In a gym underneath a wedding hall in Kabul, Laila Hossaini shouts as she slams her fist into a punchbag at her final training session before heading to the Asian Games in South Korea.
For Hossaini, 28, the tournament will be the biggest of her career in taekwondo -- a sport she took up as a young girl when advised by doctors to exercise to overcome chronic bronchitis.
She grew up in Iran after her family fled Afghanistan during the Soviet occupation of the 1980s, and they all returned after the austere Taliban government in Kabul was ousted in 2001.
Hossaini won a silver medal at the South Asian Games in 2010 and competed in other international events.
But Hossaini fears that progress made on women's rights in Afghanistan over the last 13 years could be under threat, and that the limited freedoms that allowed her to pursue her love of taekwondo could again disappear.
"Of course, we have our concerns -- not only me, but all the girls -- after 2014, if the Taliban make a comeback," she told AFP.
"The Taliban will not let us to do anything, the achievements that we made will be reversed, so we are all worried."
The US-led combat mission in Afghanistan will end this year, and violence is worsening nationwide as foreign troops exit and Taliban insurgents launch fresh offensives against Afghan soldiers and police.
Despite the end of Taliban rule, women in ultra-conservative Muslim Afghanistan are often restricted to the house and are discouraged from playing sport -- let alone practising martial arts like taekwondo.
- The right to fight -
"There were some objections by my uncle and aunt's families, until I won my first championship medal and then they stopped objecting," said Hossaini, dressed in white taekwondo robes and headscarf.
"My close family was always supportive and now I am engaged. My fiance is a kung-fu fighter and athlete, so his family doesn't object.
"For females doing sport, our biggest concern is financial problems. The economy is very weak and we do not have a proper diet.
"Some families oppose their daughters becoming athletes because, if they are poor, they say that if our daughter exercises and she is not fed well, it will be bad for her."
At the basement gym, five women -- one wearing an all-enveloping black niqab -- arrived and changed into their taekwondo kit.
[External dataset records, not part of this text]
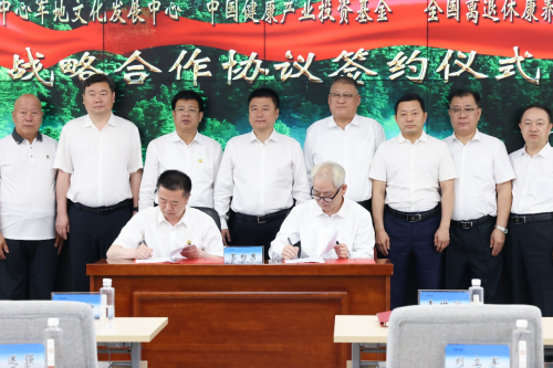 佘洪波 中央国家机关离退休干部康养基地健康管理办公室副主任兼秘书长、中国老龄健康促进工程智慧康养办公室执行主任(右) 王忠元 伊春森工集团党委委员、副总经理(左) 战略合作签约仪式——中国健康产业投资基金与伊春森工集团签署森林康养、自然健康、养老服务等领域战略合作协议。
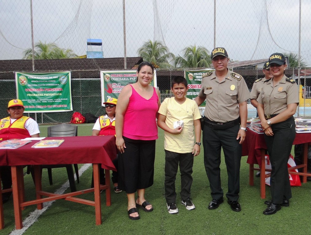 Tras la entonación del himno nacional, coreado por los presentes, posteriormente se hizo demostración de yudo y canto, luego el Cmdte PNP Luis Mesías Pedraza – Comisario de Punchana, mediante un discurso agradeció a los padres de familia, profesores voluntarios y unidades PNP, que apoyaron durante las vacaciones útiles, luego procedió al acto de clausura, continuando con el programa el Sr. Frank Saboya Tenaza, en representación de los padres de familia, agradeció a la comisaría Punchana por el buen trabajo que viene realizando entre ellos, el programa club de menores “ amigos del policía” con las vacaciones útiles, mediante el cual se fortalece la formación de los menores y valores para no caer en las drogas, pandillaje, barras bravas y otros, luego se realizó la entrega de Diplomas de honor a los instructores y profesores voluntarios, que participaron en las clases, para concluir se distribuyó a todos los menores participantes un kit escolar consistentes, en cuadernos, lápices, lapiceros, borradores, reglas etc,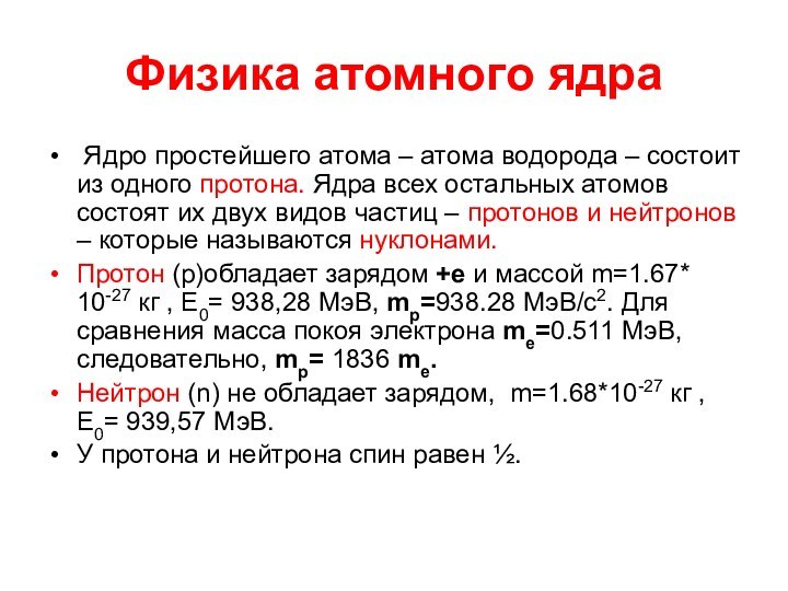 10-27 кг , Е0= 938,28 МэВ, mp=938.28 МэВ/с2. Для сравнения масса покоя электрона mе=0.511 МэВ, следовательно, mp= 1836 mе.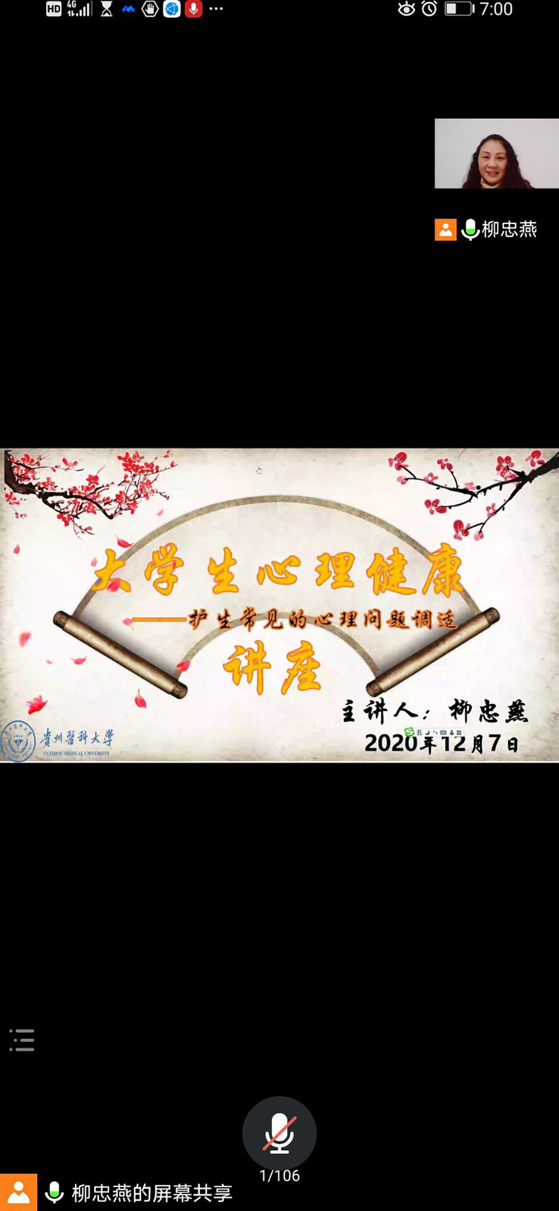 12月7日,beats365为缓解公司员工学习、生活和实习压力,拓展老员工心理素质,组织全体员工召开护生常见心理问题调试讲座,本次讲座由李杏春老师主持,柳忠燕老师主讲,采用腾讯会议形式召开。beats365全体同学参加。

They jogged to warm up and then started strenuous training drills.
For Hossaini, physical exercise and the thrill of competition have been a release from the restrictions of everyday life in Kabul, and also from severe health problems.
"When we were living as refugees in Iran, I got bronchitis and it made me so ill that I could not walk, I was hospitalised," she said.
"I was limping when I walked, then the doctor recommended me to exercise. After the consultation of my parents and brothers, they said taekwondo sport would be good for me.
"Now, I do not feel any pain from my earlier problems."
Hossaini competed at the Asian Games in 2010 in China, but she admitted she will face stiff opposition in Incheon from Iran, China and the host nation.
"I am really pleased to visit Korea, to see their culture and traditions, and how they speak and how they dress," she said.
"I have some knowledge about Korea through watching their movies, so now I want to see the real place itself."
She will be one of 69 Afghan athletes in Incheon, including seven competing in taekwondo -- the only sport in which the country has won Olympic medals.